Less Invasive Surgery for Branchial Cleft Fistulas

“Another nice thing about the endoscopic procedure is that because little scar tissue develops, if another infection develops years later, you have the option of performing another endoscopic surgery or open surgery then.” - David Tunkel
Many children experience swelling in the neck at some point, often the result of swollen lymph glands from a bacterial or viral infection. Though some patients will have an abscess that requires drainage, when the infection goes away, the swelling usually does as well. But for a rare few, the swelling comes from another source altogether: a branchial cleft fistula.
 
These openings occur when one or more of the pharyngeal arches—which eventually become cartilage, bone, blood vessels, and muscles—forms abnormally during development, leaving behind a sinus. This anatomical anomaly often goes unnoticed.
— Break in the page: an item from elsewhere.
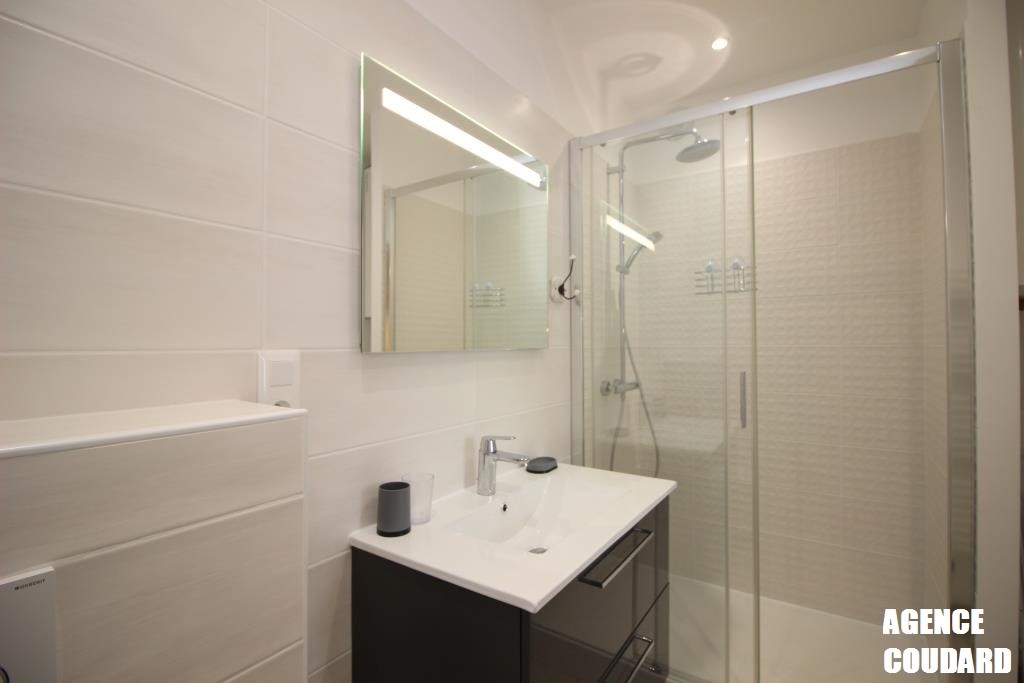 Une chambre lit 160, rangements et salle d'eau/wc (grande douche) avec sèche serviettes et lave-linge.

But eventually, some patients’ fistulas become infected, necessitating treatment. However, notes pediatric otolaryngologist David Tunkel, many branchial cleft fistulas as a cause of infections often go undiagnosed, even if they recur in the same location.
 
When a patient has recurring infections in the neck, he says, imaging can reveal the telltale marks of an abnormal sinus. In the past, open surgery to remove the sinus or cyst, or to close off this gap connecting the pharynx and the neck, was the treatment of choice. However, open surgery comes with a host of drawbacks. These fistulas can be associated with important nerves, such as the facial or laryngeal nerve, thus open surgery significantly increases the risk of weakness or even paralysis. Recovery time can include several days with drains in place, a delay before patients can resume a normal diet, and substantial pain. This treatment can also be difficult because of scar tissue left by prior drainage surgery.
 
Tunkel and colleagues across the country now prefer treating many branchial cleft fistulas with endoscopic surgery, using a laser or cauterization to eliminate these openings. Unlike open surgery, this option is usually an outpatient procedure done by exposing the fistula in the hypopharynx with scopes. By the same night, patients are often home drinking normally with little or no pain medicine.
 
“Another nice thing about the endoscopic procedure is that you burn no bridges,” Tunkel says. “Because little scar tissue develops, if another infection develops years later, you have the option of performing another endoscopic surgery or open surgery then.”
 
Tunkel has been offering the endoscopic procedure to patients for 15 years. Although he counsels patients that there’s a small chance of recurrence after treatment, he has rarely seen a repeat infection in any of his patients during that time.
 
“It’s extremely gratifying,” he says, “to work at a place where I can offer this level of care.”